Under 10 CFR 51.22(c)(25), granting
of an exemption from the requirements
of any regulation of Chapter I to 10 CFR
is a categorical exclusion provided that:
(i) There is no significant hazards
consideration; (ii) there is no significant
change in the types or significant
increase in the amounts of any effluents
that may be released offsite; (iii) there is
no significant increase in individual or
cumulative public or occupational
radiation exposure; (iv) there is no
significant construction impact; (v)
there is no significant increase in the
potential for or consequences from
radiological accidents; and (vi) the
requirements from which an exemption
is sought involve surety, insurance, or
indemnity requirements.
As the Director, Division of
Decommissioning, Uranium Recovery
and Waste Programs, Office of Nuclear
Material Safety and Safeguards, I have
determined that approval of the
exemption request involves no
significant hazards consideration, as
defined in 10 CFR 50.92, because
reducing the licensee’s onsite property
damage insurance for TMI–1 does not:
(1) Involve a significant increase in the
probability or consequences of an
accident previously evaluated; (2) create
the possibility of a new or different kind
of accident from any accident
previously evaluated; or (3) involve a
significant reduction in a margin of
safety.
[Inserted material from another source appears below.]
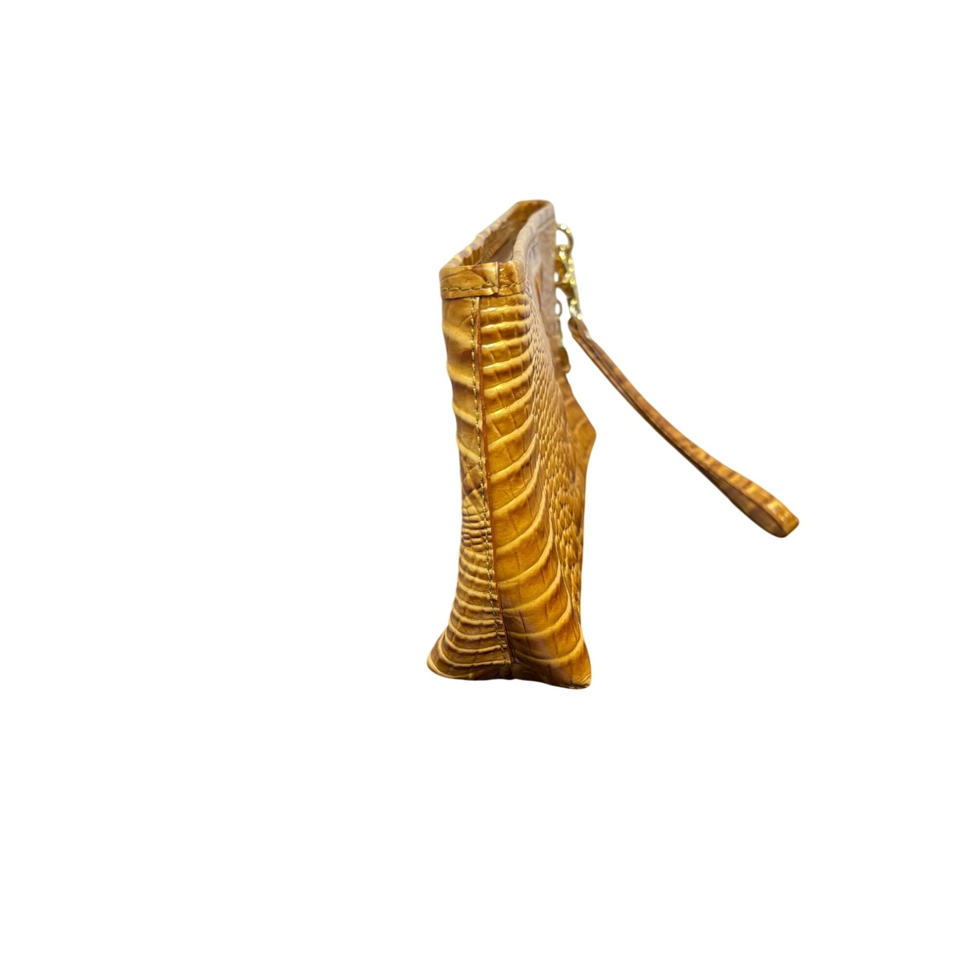 This Brahmin wristlet combines elegance and practicality with croc-embossed leather, a secure zip closure, and a detachable wrist strap. Ideal for carrying essentials.

The exempted financial
protection regulation is unrelated to the
operation of TMI–1 or site activities.
Accordingly, there is no significant
change in the types or significant
increase in the amounts of any effluents
that may be released offsite and no
significant increase in individual or
cumulative public or occupational
radiation exposure. The exempted
regulation is not associated with
construction so there is no significant
construction impact. The exempted
regulation does not concern the source
term (i.e., potential amount of radiation
in an accident) or any activities
conducted at the site. Therefore, there is
no significant increase in the potential
for, or consequences of, a radiological
accident. In addition, there would be no
significant impacts to biota, water
resources, historic properties, cultural
resources, or socioeconomic conditions
in the region resulting from issuance of
the requested exemption. The
requirement for onsite property damage
insurance involves surety, insurance,
and indemnity matters only.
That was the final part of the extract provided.